In 1992, magic book publisher Richard J. Kaufman produced a book written by Chris Kenner called Totally Out of Control, a successful instructional book explaining magic effects with playing cards and other household objects. Among the many sleights featured was a two-handed card flourish on page 125 called "The Five Faces of Sybil". Using all fingers, Sybil ends with the deck divided into five distinct packets. Kenner himself describes Sybil in his book as "a quick cut flourish to demonstrate skill and dexterity". The flourish spawned a cycle of two-handed cut creations and formed the cornerstone of what is now known as cardistry. Journalist Kevin Pang of Vanity Fair magazine noted that "every cardist can deftly perform Sybil the way guitarists can run through a blues progression".

==An art form==
Los Angeles–based magician Brian Tudor was one of many performers heavily influenced by Sybil. In 1997, he released a three-volume VHS tape dubbed Show Off, one of the first instructional products made by a known magician to only feature flourishes. Tudor's tape was well received, with some critics describing the flourishes and cuts taught as "eye-popping". The most notable invention from Show Off was the one-handed Revolution Cut, a variation of the common Charlier, where the top packet spins an additional 180 degrees.

In 2001, twin brothers and Sybil enthusiasts Daniel and David Buck (known as Dan and Dave) released Pasteboard Animations, another flourish-only instructional VHS tape. Although produced as a low-fi home video and relatively short compared to Show Off, it sold hundreds of copies at hotel lobbies and magic conventions at a cost of $25. In a Genii magazine review of the Magic Live convention in August 2001, the twins flourishes and Pasteboard Animations tape received mixed responses.
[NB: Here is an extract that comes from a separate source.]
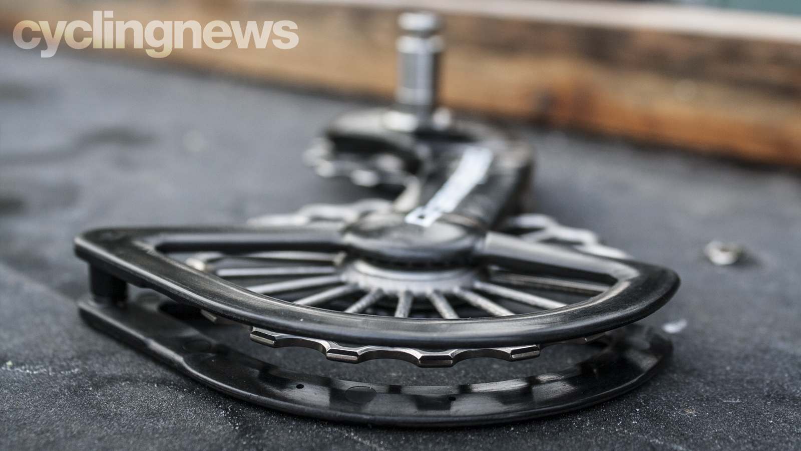 Closer inspection reveals its hallmark feature: the rather ornate 3D-printed titanium pulley wheels. Like the other (Shimano-compatible) models in the range, the pulley wheel arrangement comprises a 13T upper and 19T lower wheel - which is by far the most spectacular-looking design in the range. The size ratio of pulley wheels differs from manufacturer to manufacturer based on stock derailleur geometry and cycling discipline.

Renowned magic historian Jamy Ian Swiss remarked:

It was an excellent show, though opinion was definitely mixed about the Buck boys, who sat and stared at their hands while oddly racing through flourishes. It serves no function except as eye candy. It's juggling, and juggling and magic are two separate things. Nevertheless, it's fucking cool to watch. Cool is cool is cool, capital C cool. And magic is traditionally uncool. It's always been the geeky kids.

In spite of the mixed responses from the traditional magic scene, Dan and Dave continued with their cardistry creations. In 2004, with the help of Kenner, the twins released an instructional DVD on cardistry named The Dan and Dave System. The System is perceived as having officially separated advanced card flourishing from card magic and defined the style of cardistry. Filmed with digital movie cameras at film studios and professional edited, the critically praised $30 DVD inspired thousands of sleight of hand artists all over the world to embark on cardistry. Four years later, the twins released a three-disc DVD set known as The Trilogy, showcasing some of the most comprehensive and difficult flourishes ever created. Retailing at $85 per copy, The Trilogy is the bestselling cardistry release of all time, having sold more than 25,000 units. Pang wrote that just about every cardist lists either the System or The Trilogy as the reason they got into card flourishing.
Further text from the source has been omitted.